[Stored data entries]
========================================================================
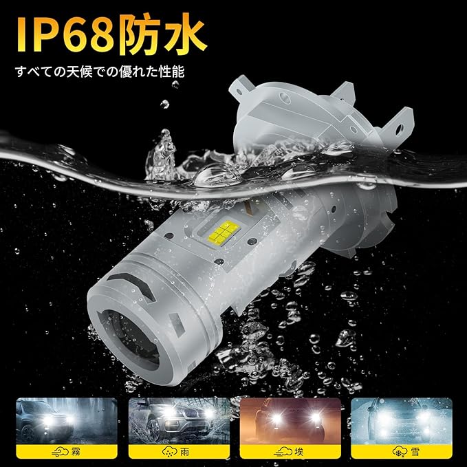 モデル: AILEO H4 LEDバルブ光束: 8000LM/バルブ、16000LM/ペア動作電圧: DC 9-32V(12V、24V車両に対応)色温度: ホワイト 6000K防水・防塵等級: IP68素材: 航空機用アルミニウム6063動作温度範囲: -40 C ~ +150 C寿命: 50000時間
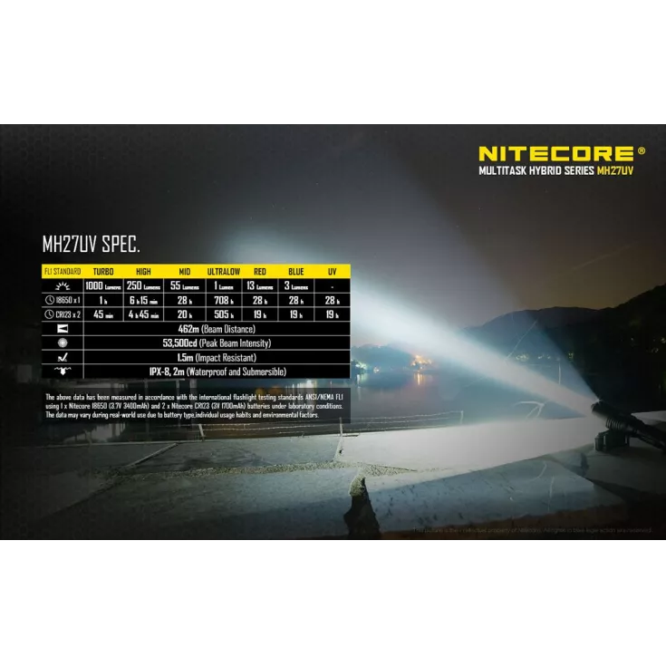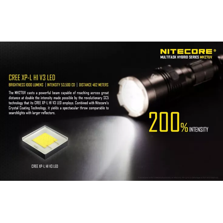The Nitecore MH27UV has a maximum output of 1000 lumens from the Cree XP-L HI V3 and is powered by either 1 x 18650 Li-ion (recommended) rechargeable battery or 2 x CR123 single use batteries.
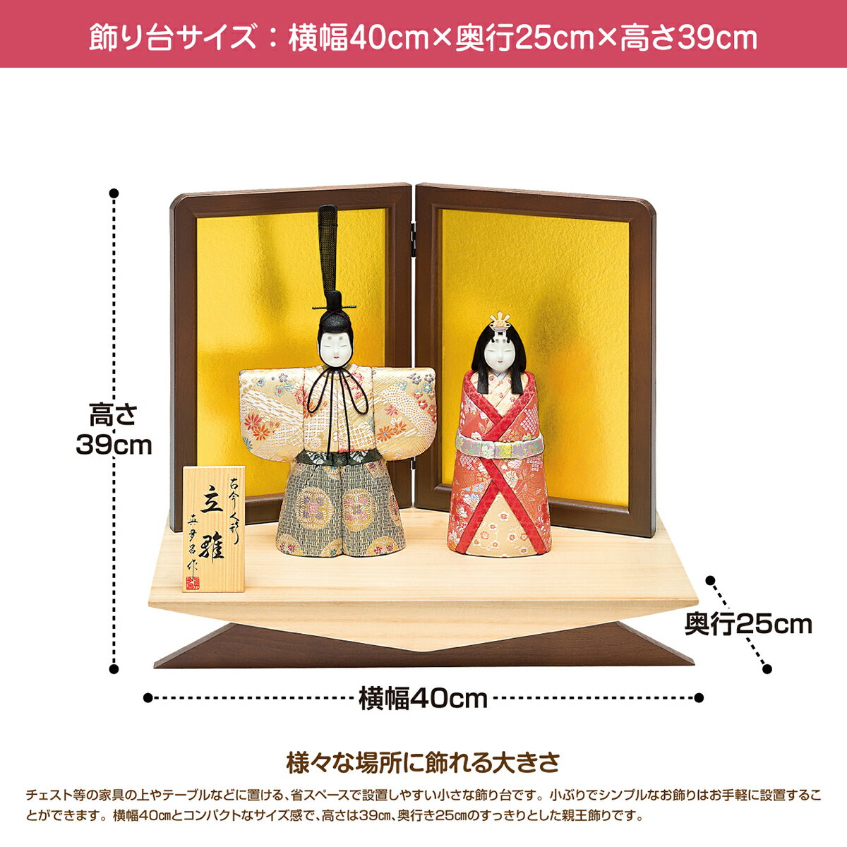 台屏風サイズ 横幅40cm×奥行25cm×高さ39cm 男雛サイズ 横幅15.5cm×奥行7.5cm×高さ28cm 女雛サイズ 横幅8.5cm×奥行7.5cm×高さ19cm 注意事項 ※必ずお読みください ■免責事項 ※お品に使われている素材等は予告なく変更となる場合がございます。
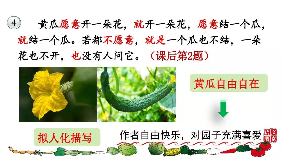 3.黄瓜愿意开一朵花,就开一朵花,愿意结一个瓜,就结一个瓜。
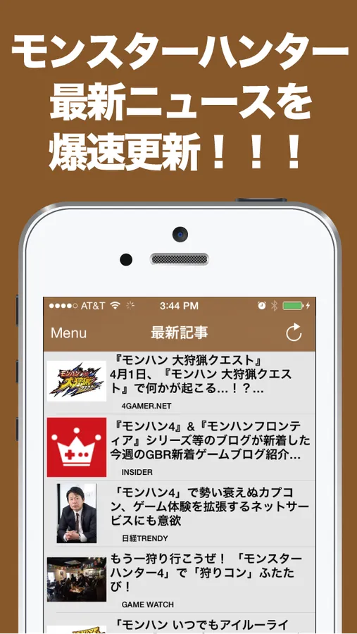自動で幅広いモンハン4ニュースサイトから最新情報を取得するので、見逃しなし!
========================================================================
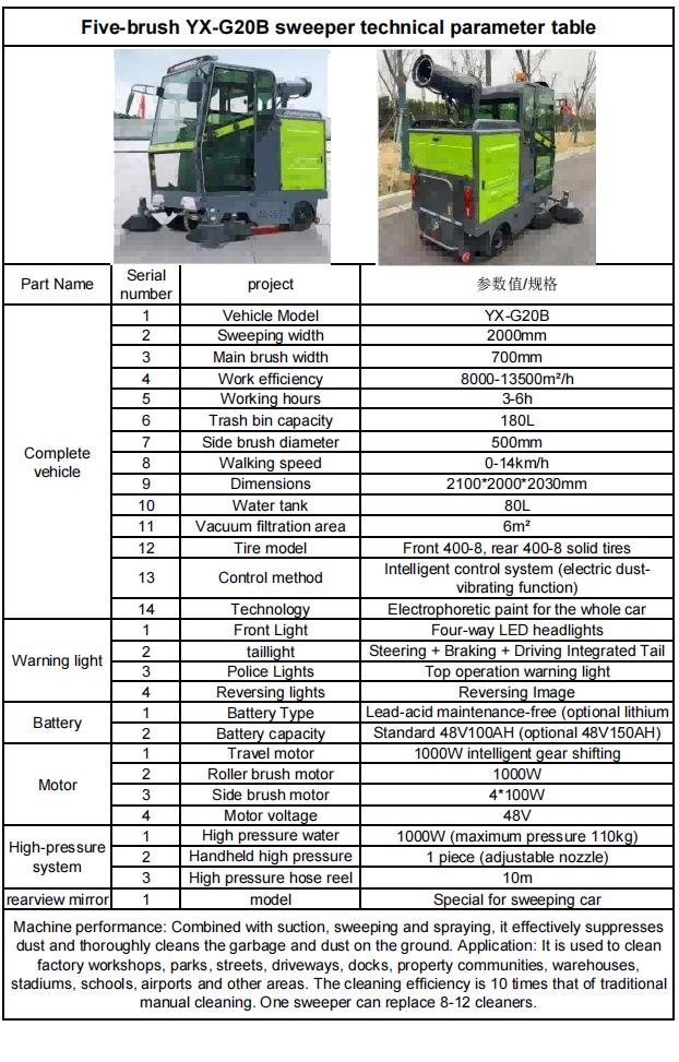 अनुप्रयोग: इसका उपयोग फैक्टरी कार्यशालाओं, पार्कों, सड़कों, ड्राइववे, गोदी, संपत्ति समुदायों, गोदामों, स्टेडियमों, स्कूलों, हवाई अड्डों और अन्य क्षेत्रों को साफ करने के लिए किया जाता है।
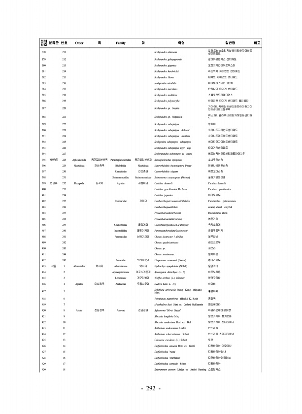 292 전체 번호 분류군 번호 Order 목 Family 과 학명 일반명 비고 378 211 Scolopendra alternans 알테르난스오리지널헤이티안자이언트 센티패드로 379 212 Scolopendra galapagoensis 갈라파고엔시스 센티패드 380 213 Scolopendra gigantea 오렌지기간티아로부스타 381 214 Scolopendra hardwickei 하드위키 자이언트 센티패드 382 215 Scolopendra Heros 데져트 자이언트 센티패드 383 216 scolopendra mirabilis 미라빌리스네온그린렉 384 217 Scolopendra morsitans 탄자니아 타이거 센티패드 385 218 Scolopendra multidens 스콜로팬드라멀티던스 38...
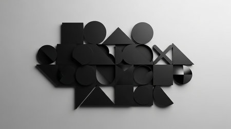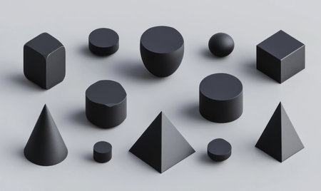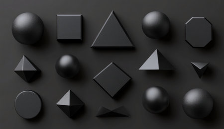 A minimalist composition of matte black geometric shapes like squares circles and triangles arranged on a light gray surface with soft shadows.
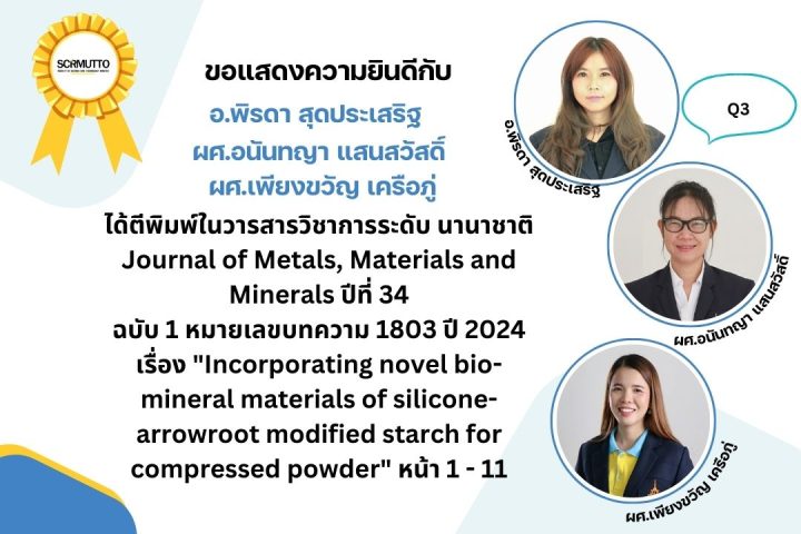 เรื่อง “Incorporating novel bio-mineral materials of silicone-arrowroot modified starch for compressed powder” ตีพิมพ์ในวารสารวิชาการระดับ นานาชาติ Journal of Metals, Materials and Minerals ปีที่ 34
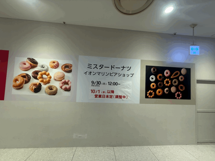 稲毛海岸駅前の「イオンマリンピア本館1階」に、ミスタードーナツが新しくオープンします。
========================================================================
_WORK TO BE COMPLETED_
Give back the exact lines above, running from the one that has "अनुप्रयोग: इसका उपयोग" through the one that has "稲毛海岸駅前の「イオンマリン", with nothing added and no pictures.

_RESPONSE BELOW_
 अनुप्रयोग: इसका उपयोग फैक्टरी कार्यशालाओं, पार्कों, सड़कों, ड्राइववे, गोदी, संपत्ति समुदायों, गोदामों, स्टेडियमों, स्कूलों, हवाई अड्डों और अन्य क्षेत्रों को साफ करने के लिए किया जाता है।
 292 전체 번호 분류군 번호 Order 목 Family 과 학명 일반명 비고 378 211 Scolopendra alternans 알테르난스오리지널헤이티안자이언트 센티패드로 379 212 Scolopendra galapagoensis 갈라파고엔시스 센티패드 380 213 Scolopendra gigantea 오렌지기간티아로부스타 381 214 Scolopendra hardwickei 하드위키 자이언트 센티패드 382 215 Scolopendra Heros 데져트 자이언트 센티패드 383 216 scolopendra mirabilis 미라빌리스네온그린렉 384 217 Scolopendra morsitans 탄자니아 타이거 센티패드 385 218 Scolopendra multidens 스콜로팬드라멀티던스 38...
 A minimalist composition of matte black geometric shapes like squares circles and triangles arranged on a light gray surface with soft shadows.
 เรื่อง “Incorporating novel bio-mineral materials of silicone-arrowroot modified starch for compressed powder” ตีพิมพ์ในวารสารวิชาการระดับ นานาชาติ Journal of Metals, Materials and Minerals ปีที่ 34
 稲毛海岸駅前の「イオンマリンピア本館1階」に、ミスタードーナツが新しくオープンします。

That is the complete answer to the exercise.